Here are some of the girls' answers: they all said (except for one girl, who said she might be a doctor) that they want to be teachers when they finish school.  I am not sure if this is because of their lack of exposure to other sorts of jobs, or if their teachers coached them on questions we might ask and how to answer them, or if there is some other reason.  We also asked the girls if they could travel and go anywhere in the world they wanted, where would they go?  Most of the girls gave predictable answers of America or European countries, where they would find work, but one girl broke my heart, saying she just wants to visit Kedougou and Tamba because she has never even been that far away from home – and Tamba is only a 2 hour, $2 car ride away.  (Fonsa and I are now cooking up a plan to take her to Tamba this summer for a girls' leadership camp that another volunteer is organizing).  American parents will be jealous to know that most of the girls said one of their parents was their role model, but I was excited when one girl said her role model is a woman who used to be Minister for Families, because she fights for women's rights.

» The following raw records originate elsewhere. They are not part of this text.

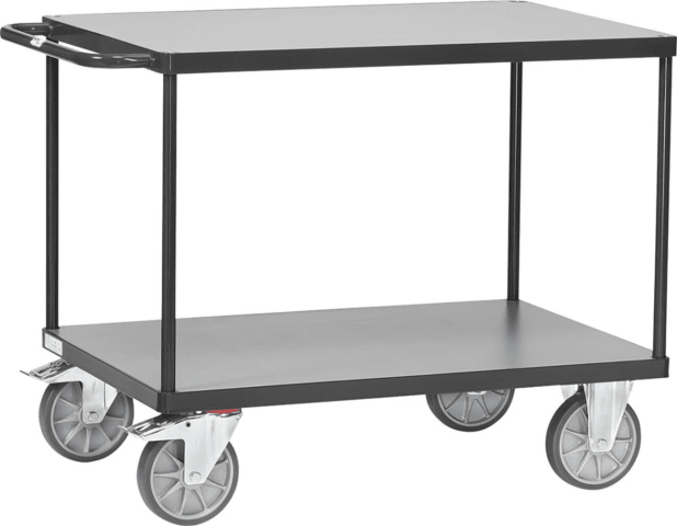 Schwere Tischwagen, 2 Ladeflächen • Stahlrohr-/Profilstahl-Konstruktion: geschweißt, pulverbeschichtet • Plattformen Holzwerkstoff-Platten, im Stahlrahmen liegend • Schiebegriff: gerade • Rollen: 2 B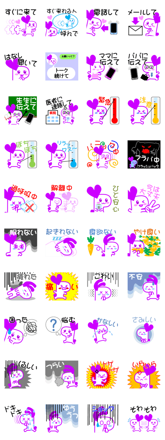 | スタンプ説明 | トラウマティックな状況に直面した際にSOSを発信するスタンプです。冷静に話すことや文章で伝えることが難しい状態でもイラストがあることで簡単に状況を伝えられます。 |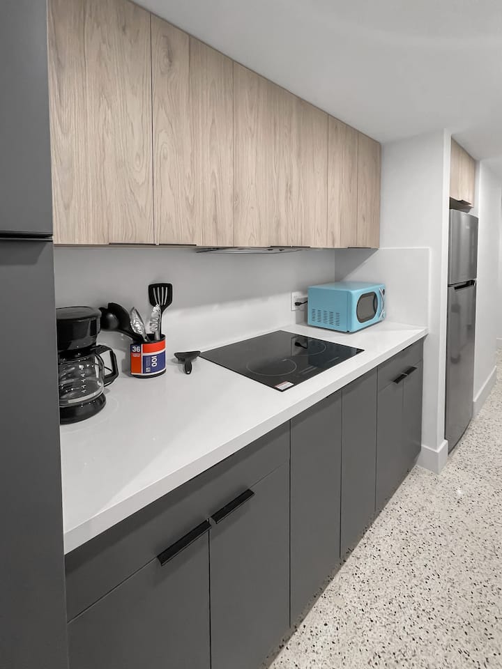 В КУХНЯТА има всичко необходимо, ако решите да готвите; няма прозорец, използвайте аспиратор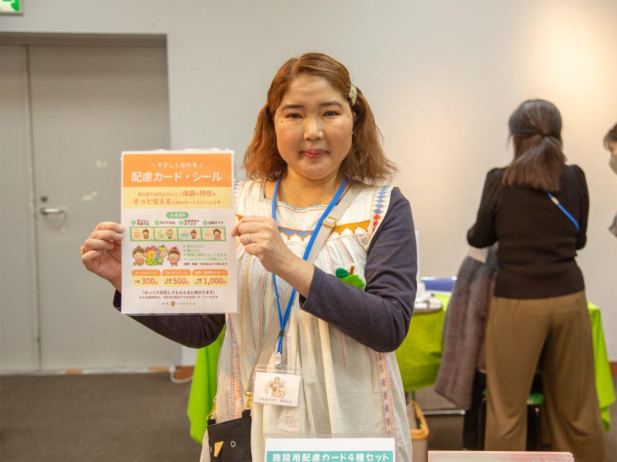 「フォルトゥナマルシェ」会場に並んだ「配慮カード」=高松在住の久保みどりさんが不調伝える「配慮カード」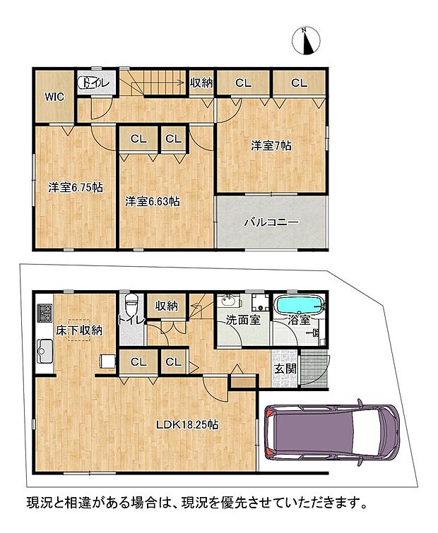 | 間取り | 3LDK 間取り内訳:リビングダイニングキッチン 18.2帖(1階)・洋室 7帖(2階)・洋室 6.7帖(2階)・洋室 6.6帖(2階) |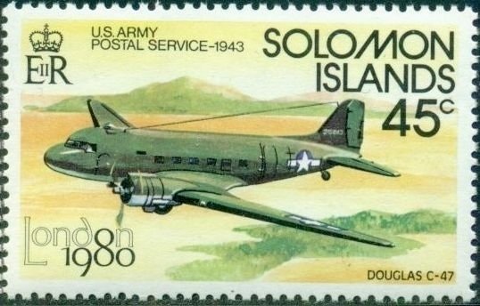 Visibility: public Image owner: none postage 5/6/1980 45c multi issue=London 80 d=Douglas C-47 over Solomons wmk=mult crown & script CA perf=14.5 Crops No visible images cropped from this one. Measurements Resolution is unknown. Source Source name: Colnect File URL: http://i.colnect.net/images/b/2547/523/Douglas-C-4.jpg Uploaded July 22, 2015, 10:13 pm by Stan Shebs |

Overall, they were a great bunch of girls, and I wish we could do more to help them stay in school and not be forced into early marriages.

Baby weighing, Part 2

Written Thursday, 17 April 2008

Last week I did a second baby weighing, a month after the first one.  It went pretty well – we were able to get it all done in one day, instead of the two it took before, although this time fewer women brought their babies to be weighed.  The results were pretty good overall as well – most of the kids had gained ½ to 1 kilo from the month before, although there were a few who stayed the same or even lost weight, mainly because they'd been sick.  (Mangoes are in season now, abundant and free in the village – just pick one off a tree! – so it's easy for people to supplement their diets with them and get more vitamins than usual, but the kids will sometimes eat unripe ones, and then they get diarrhea).

My challenge now is to get more of the women to understand that it's the information they get from the baby weighing that is beneficial, rather than the act of weighing the babies itself – too many women seem to think that sticking the baby on the scale provides some benefit, like getting a vaccination, and they will leave before I can tell them how much the baby weights or where it lands on the growth charts.